Turgay Tapu

Personal information
- Date of birth: April 29, 1982 (age 42)
- Height: 1.83 m (6 ft 0 in)
- Position(s): Goalkeeper

Team information
- Current team: Rot Weiss Ahlen
- Number: 1

Youth career
- Rot Weiss Ahlen

Senior career*
- Years: Team / Apps / (Gls)
- 2004–2009: Rot Weiss Ahlen II / 64 / (0)
- 2008–2009: Rot Weiss Ahlen / 1 / (0)
- 2009–2011: SC Roland Beckum
- 2011–03/2013: Rot Weiss Ahlen / 13 / (0)

= Turgay Tapu =

German footballer

Turgay Tapu (born April 29, 1982) is a German football player, who played for Rot Weiss Ahlen and SC Roland Beckum.

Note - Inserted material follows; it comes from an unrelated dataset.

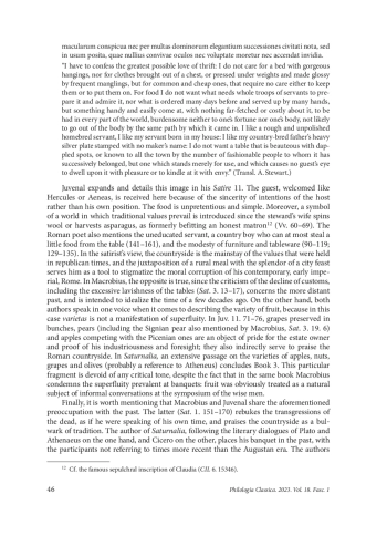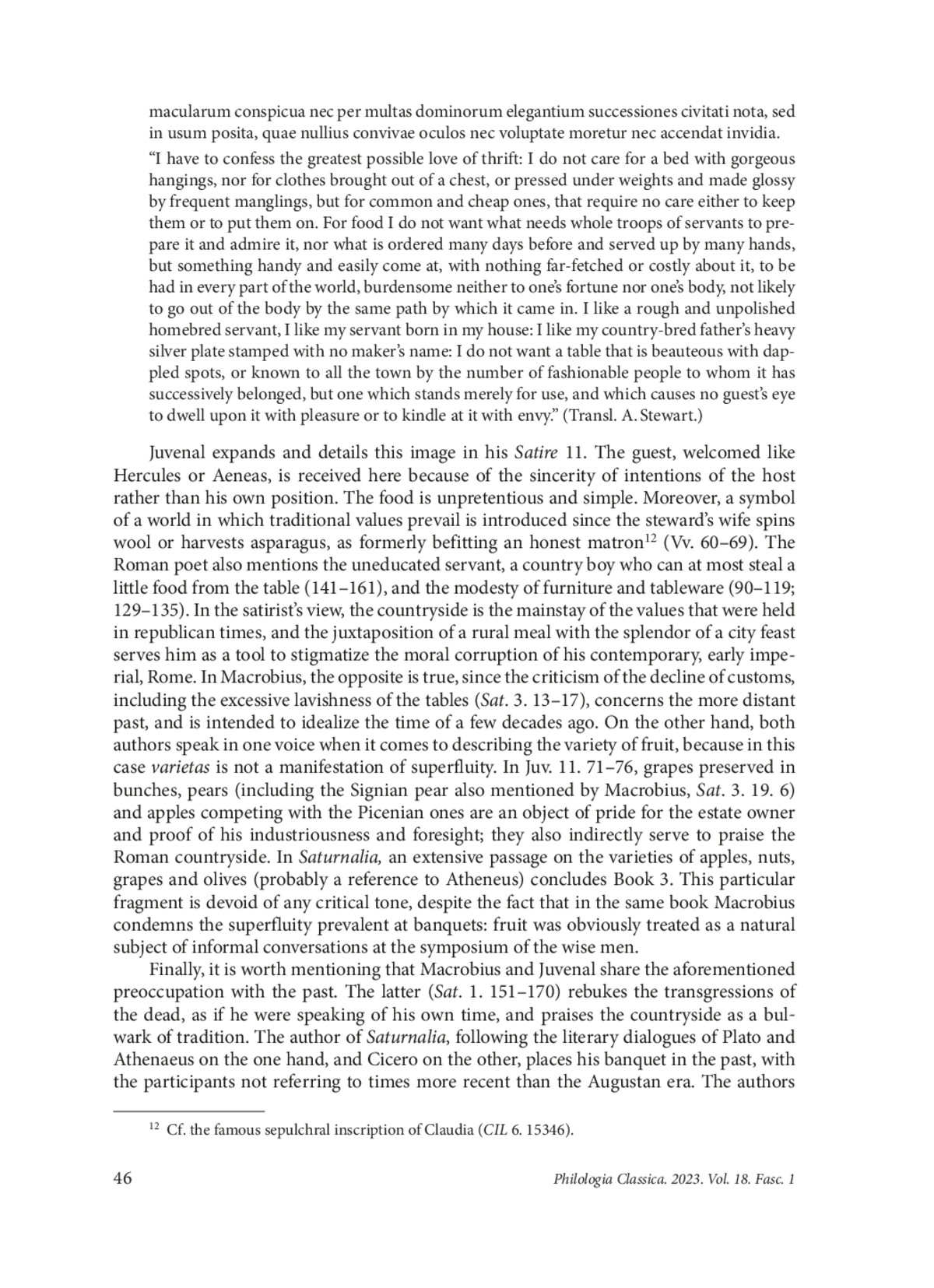 Macrobius Ambrosius Theodosius, in his Saturnalia, draws upon the Platonic archetype in making overt allusions to the Symposium and yet follows Athenaeus, whose work he seems to know thoroughly, albeit does not acknowledge its influence openly. Besides the Greek paradigms, Macrobius used Roman models, i. e., Cicero’s dialogues, to infuse his literary banquet with Roman flavour. The author of Saturnalia was severely criticised, especially by representatives of the Quellenforschung movement in the second half of the 19 th century, for allegedly being a poor plagiarist. His compilatory method is described in this article, and two other plausible Macrobius’ sources are proposed: Juvenal’s Satires and Seneca the Younger’s On Tranquility of the Mind. In Roman History Ammianus Marcellinus depicted the people inhabiting Rome of his times as degenerate parasites hostile to any form of intellectual activity who fritter away time on vulgar entertainment and obsessively overfeed themselves. Many scenes of so-called sober merriment shared by the prominent Roman personages of the IV c. AD were, in all probability, introduced to Saturnalia to counterbalance Ammianus Marcellinus’ harsh criticism of Roman morals. Macrobius’s familiarity with both Juvenal and Seneca manifests itself in the list of similes, yet, as the author of the present article proposes, there are passages in the oeuvre of both writers that may have instilled the vision of frugality typical of Romans in Macrobius’s mind, so that he may have used images borrowed from both earlier writers to Saturnalia

Tapu was part of the reserve team of RW Ahlen from 2004 until 2008 after which he joined the main team. In 2008, he had three appearances in the 2.Bundesliga after the first goalkeeper of the team, Manuel Lenz, was given a red card causing a two match suspension.

In 2009, Turgay Tapu became part of SC Roland Beckum where he stayed until 2011. In 2011, he went back to his former team RW Ahlen where he played until March 2013. His contract was terminated because of continuing differences with his coach Marco Antwerpen.